>>>
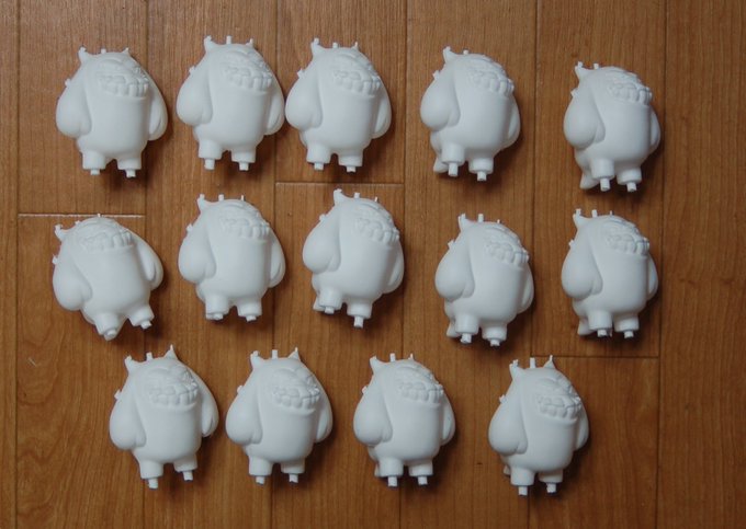 レジンキャスト1缶で16匹、中14匹をWFで販売予定。これから最初にヌいた気泡ある1匹をパテ埋めして展示用にあまり得意でない塗装を開始、もっぱらスプレー缶と筆塗りで。
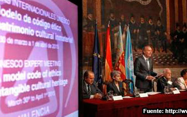 La Directora General de la UNESCO, Irina Bokova, inauguró el 30 de marzo en Valencia (España), una reunión de expertos para diseñar un modelo de código ético de salvaguardia del patrimonio cultural inmaterial. La sesión inaugural tuvo lugar en presencia del ministro español de Asuntos Exteriores, José Manuel García-Margallo y Marfil, del presidente de la Generalidad Valenciana, Alberto Fabra, y de la alcaldesa de Valencia, María Rita Barberá Nolla.
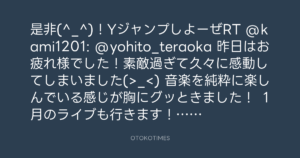 是非(^_^)!YジャンプしよーぜRT @kami1201: @yohito_teraoka 昨日はお疲れ様でした!素敵過ぎて久々に感動してしまいました(>_<) 音楽を純粋に楽しんでいる感じが胸にグッときました! 1月のライブも行きます!楽しみにしてます!!
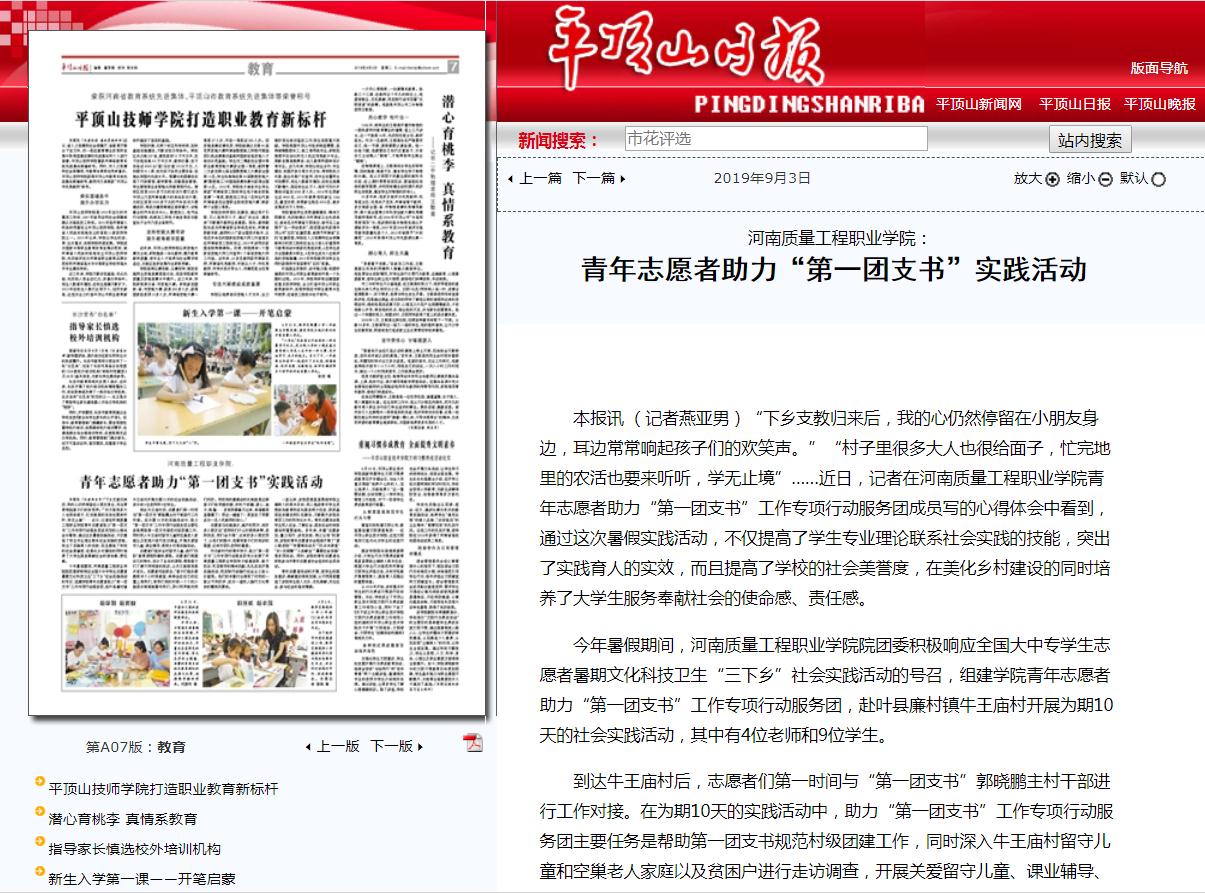 媒体之声|《平顶山日报》:青年志愿者助力“第一团支书”实践活动
<<<
### Exercise description
Using the material above, restate word for word the lines from the line that has "是非(^_^)!YジャンプしよーぜRT @kami1201: @yohito_teraoka" to the last line, inclusive, with pictures omitted.

### Answer to this problem
 是非(^_^)!YジャンプしよーぜRT @kami1201: @yohito_teraoka 昨日はお疲れ様でした!素敵過ぎて久々に感動してしまいました(>_<) 音楽を純粋に楽しんでいる感じが胸にグッときました! 1月のライブも行きます!楽しみにしてます!!
 媒体之声|《平顶山日报》:青年志愿者助力“第一团支书”实践活动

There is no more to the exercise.